She also gave an incredibly forceful defense of abortion shortly after she was confirmed as secretary of state.  You will never in a million years see or hear Barack Obama defending abortion like this:

No difference, Digby?  The issue of abortion and women’s reproductive rights are extremely important to you and yet there’s no difference?  How about gay rights, Digby?  Can you imagine Hillary Clinton inviting Rick Warren to her inaugural?  The same Hillary Clinton who ordered the State department to equalize the treatment of gay State department employees and their families as far as the law would go?

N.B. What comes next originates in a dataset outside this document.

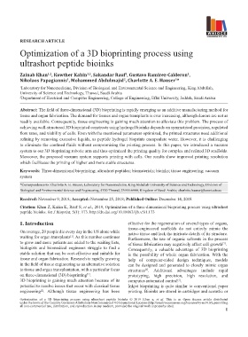 Citation: Khan Z, Kahin K, Rauf S, et al., 2019, Optimization of a three-dimensional bioprinting process using ultrashort

But, Ok, we’ll never really know, although I think given her record at State, Benghazi notwithstanding, that she would have been an exemplary president.  Let’s put that aside for now.  I don’t think she’s ever going to run again.  Why should she?  She doesn’t have the advantage of 2008 when all of the auspices were in her favor.  In 2016, it will be a different America and she’s smart enough to know this.  I’d rather she get her own column in the Washington Post or the New York Times.

Let’s talk about the suggestion that Hillary Clinton brought out the misogyny in the media and the parties.  Wow, I guess we could do nothing about that except become passive observers, right?  I guess we couldn’t threaten the party to walk away from it and their candidate if they didn’t stop using misogyny to further their chosen candidate’s goals.  I guess it would have been silly to point out that gratuitously taking advantage of that misogyny might backfire on women in general.

Ok, we know that our side had a fair share of cowards who were either unable or unwilling to speak up and defend a woman.  They would have defended a female candidate, just not this female candidate.  Well, it’s a good thing it was only one female candidate in 2008.

Except that Sarah Palin got it too.  Now, I don’t care whether you like or dislike Palin.  I don’t like her even if I thought she had a lot more political talent than the left gave her credit for.  For some bizarre, freakish reason, the left still hasn’t let up after 4 years of bashing her.  The left still seems to think she’s relevant even if she’s not.  That kind of obsession is pathological if you ask me.  There must be a reason for the persistence of the Emmanuel Goldstein treatment of Palin.  She’s useful for a good, unifying 3 minute hate, right?  That’s why the left just can’t quit her.  But she’s been useful for years to the Democrats.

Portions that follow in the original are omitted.